A consultant uses Copilot in Word to draft a 15-page client proposal in 45 minutes (versus a full day previously). She then uses Copilot in PowerPoint to generate a 14-slide executive summary deck from the proposal. Total time for both documents: 90 minutes. Previous time: 2 days. She spends the remaining time on client calls rather than formatting slides.

Building a Prompt Library Your Team Will Actually Use

The organizations extracting the most value from Microsoft 365 Copilot have one thing in common: a shared, maintained prompt library that their teams use daily.

A prompt library is simply a collection of tested, role-specific prompts stored somewhere everyone can access. Here is how to build one.

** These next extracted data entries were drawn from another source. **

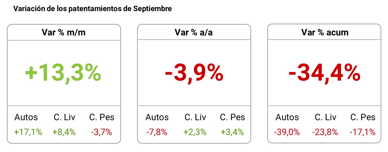 De esta forma se alcanzaron 249.224 patentamientos acumulados en los nueve meses transcurridos del año, una baja interanual del 34,4%.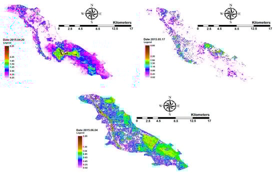 As is shown in Table 3 and Figure 4, the values of RMSE, MAPE, and MBE were 0.466, 2.9%, and 0.222 mm/day, respectively, with a correlation coefficient of 0.97, indicating that SEBAL’s accuracy is sufficient for estimating the actual ET. It can be seen that remote sensing is an efficient and effective way to estimate ET on large scales, especially in areas where meteorological data is not available. The actual daily ET rates in the Ein Khosh Plain for different months are shown in Figure 5.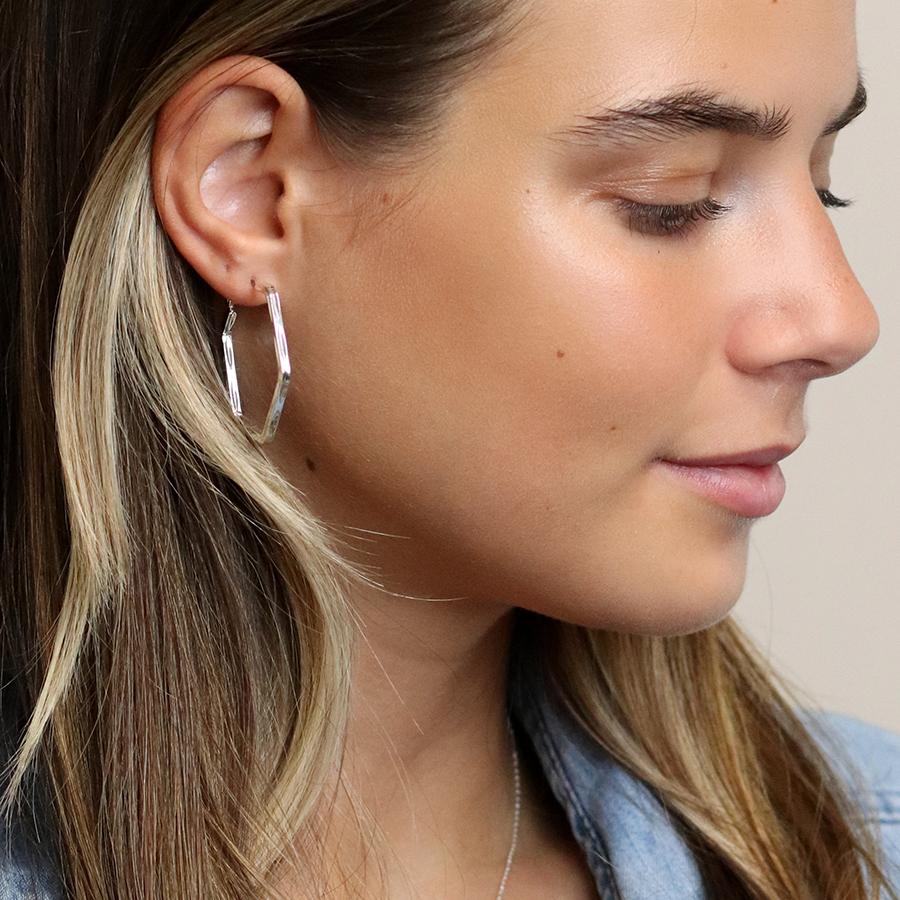 Silver plated hexagon hoop earrings with textured surface and hinged fastening

  1. 1Run a "prompt discovery" session with each team during your Copilot rollout. Ask: "What are the 10 tasks in Word, Excel, or PowerPoint that take you the most time each week?" For each task, have the team write and test a prompt together.
  2. 2Capture the prompts that produce the best results. Note: the task, the exact prompt text, what reference files are needed, and what to expect from the output.
  3. 3Store the library in a Teams channel wiki or a shared OneNote page. Organize by application (Word / Excel / PowerPoint) and by role (Finance / HR / Legal / Sales).
  4. 4Review and update monthly. Prompts that stop working (usually because Copilot has been updated) should be revised. New prompts discovered by team members should be added.
  5. 5Make it visible in every relevant Teams channel. Pin the prompt library to the top of each team's primary channel. If it is buried, it will not be used.

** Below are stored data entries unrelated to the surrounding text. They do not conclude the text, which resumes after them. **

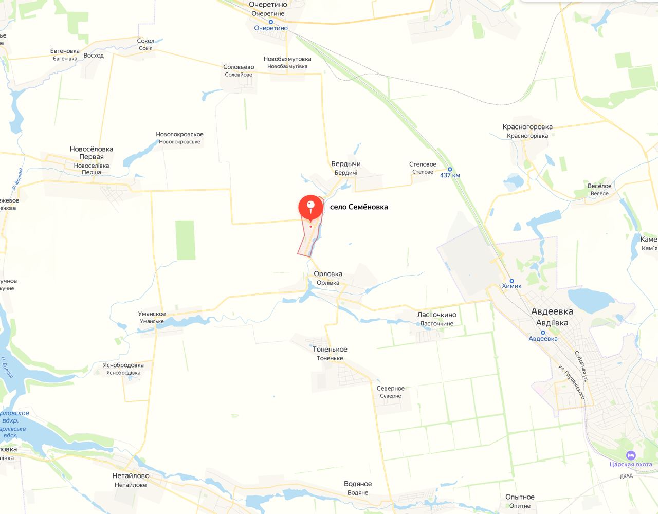 Со стороны населённого пункта ОРЛОВКА наши штурмовые группы пробились к населённому пункту СЕМЁНОВКА.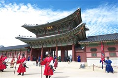 【景福宫】(约40分钟) 历史悠久的朝鲜王正宫,宫内有百官朝政之(勤政殿),发明韩国文字之(千秋殿),国王寝宫(康宁宫)等,三百年来一直是朝鲜王朝的正宫。是朝鲜故宫中维护最完善的建筑群,保持着王朝昔日的建筑格调。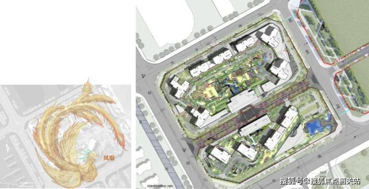 项目采用整盘打造、分级定制的规划策略,11 栋高层住宅围合布局,整体形态形似凤凰归巢,寓意吉祥和谐、阖家幸福。在传统文化中,凤凰为百鸟之王,象征祥瑞、尊贵与美好,项目以凤凰为核心符号,将传统文化寓意融入建筑规划,赋予居住更多美好期许。

Starter prompts for four common roles

Finance: "Analyze /[Budget Review.xlsx] and identify the top 5 cost line items that exceeded budget by more than 10%. For each, add a note explaining the variance." | HR: "Draft an email to [employee name] confirming their leave request approved for [dates]. Tone: warm, professional. Include a reminder to update their Out of Office." | Legal: "Review /[Contract.docx] and flag any clauses that deviate from our standard template. List each deviation with the clause number, what it says, and why it is non-standard." | Project Manager: "Based on /[Meeting Notes.docx], create a project status update email for stakeholders. Cover: progress this week, risks identified, decisions needed, next week's milestones."

Key Terms

Copilot Prompt

The instruction you type into the Copilot panel to tell it what to do. The quality of the prompt directly determines the quality of the output — specific, context-rich prompts produce far better results than vague requests.

Excel Table

A structured Excel data range formatted as a Table (Home → Format as Table). Copilot in Excel works most reliably with Table-formatted data, not plain cell ranges.

File Reference ("/")

The ability to reference a specific OneDrive or SharePoint file in a Copilot prompt by typing "/" — Copilot reads the referenced file and uses its content as context for the task.

Speaker Notes

In PowerPoint, the notes attached to each slide visible to the presenter but not the audience. Copilot generates speaker notes automatically when creating presentations from Word documents.